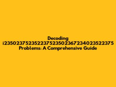 Hey everyone! Let's dive deep into the world of i235023752352237523502367234023522375! I know, the name alone might seem a bit...intimidating. But don't worry, we're going to break it down, understand the common issues, and figure out how to fix them. Think of this as your one-stop guide to demystifying the whole i235023752352237523502367234023522375 situation. Whether you're a complete newbie or someone who's already got a bit of experience, this guide has got you covered. We'll explore the basics, the common pitfalls, and some handy troubleshooting tips to get you back on track. So, grab a coffee, get comfy, and let's get started!
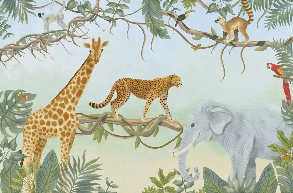 Fotomurales Ilustración de jungla con jirafa, guepardo y elefante Nr. w04194
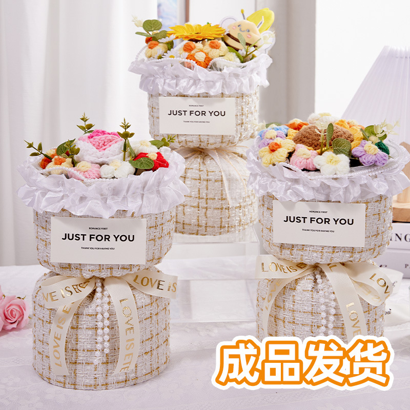 玫瑰针织花束编织香皂花成品小蜜蜂生日礼物女生礼物小香风花束
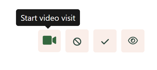 To begin a virtual appointment, navigate to Appointments and click the video icon on the right of the appointment you wish to initiate.
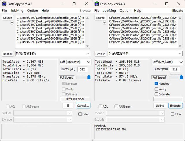 ▼第3次FastCopy複製,起始速度1578MB/s,結束速度574.2MB/s,耗時6分14秒
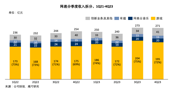 公司简介:网易2023年实现收入1,035亿元、non-GAAP净利润326亿元,70%以上收入来自游戏,净利润基本来自于游戏业务,有道、云音乐等难以贡献利润,游戏是网易的核心矛盾
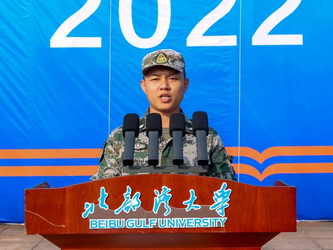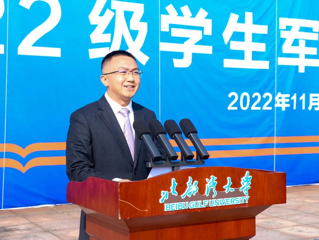 陈磊代表学校对钦州军分区的领导和教官表示热烈的欢迎和衷心的感谢。他指出,参加军训是深入学习贯彻党的二十大精神,全面贯彻落实党的教育方针和新时代军事战略方针,深入落实学生军事训练立德树人根本任务和强军目标的根本要求,是培养学生德智体美劳全面发展、加强全民国防教育和加强国防后备力量建设的需要,也是同学们大学期间一门必修课。他向同学们提出三点嘱托:一是在思想上高度重视军训,努力克服惰性,竭尽全力完成军训各项任务;二是认真遵守军训纪律,以军人的标准严格要求自己,服从命令,听从指挥;三是做到生活有规律,内务整齐划一,既符合准军事化的要求,又树立bw必威西汉姆联官方网站学生的良好形象。

EXERCISE AIM →
From the first line to the last, copy the records above exactly and leave out the pictures.

WORKED SOLUTION →
 Hey everyone! Let's dive deep into the world of i235023752352237523502367234023522375! I know, the name alone might seem a bit...intimidating. But don't worry, we're going to break it down, understand the common issues, and figure out how to fix them. Think of this as your one-stop guide to demystifying the whole i235023752352237523502367234023522375 situation. Whether you're a complete newbie or someone who's already got a bit of experience, this guide has got you covered. We'll explore the basics, the common pitfalls, and some handy troubleshooting tips to get you back on track. So, grab a coffee, get comfy, and let's get started!
 Fotomurales Ilustración de jungla con jirafa, guepardo y elefante Nr. w04194
 玫瑰针织花束编织香皂花成品小蜜蜂生日礼物女生礼物小香风花束
 To begin a virtual appointment, navigate to Appointments and click the video icon on the right of the appointment you wish to initiate.
 ▼第3次FastCopy複製,起始速度1578MB/s,結束速度574.2MB/s,耗時6分14秒
 公司简介:网易2023年实现收入1,035亿元、non-GAAP净利润326亿元,70%以上收入来自游戏,净利润基本来自于游戏业务,有道、云音乐等难以贡献利润,游戏是网易的核心矛盾
 陈磊代表学校对钦州军分区的领导和教官表示热烈的欢迎和衷心的感谢。他指出,参加军训是深入学习贯彻党的二十大精神,全面贯彻落实党的教育方针和新时代军事战略方针,深入落实学生军事训练立德树人根本任务和强军目标的根本要求,是培养学生德智体美劳全面发展、加强全民国防教育和加强国防后备力量建设的需要,也是同学们大学期间一门必修课。他向同学们提出三点嘱托:一是在思想上高度重视军训,努力克服惰性,竭尽全力完成军训各项任务;二是认真遵守军训纪律,以军人的标准严格要求自己,服从命令,听从指挥;三是做到生活有规律,内务整齐划一,既符合准军事化的要求,又树立bw必威西汉姆联官方网站学生的良好形象。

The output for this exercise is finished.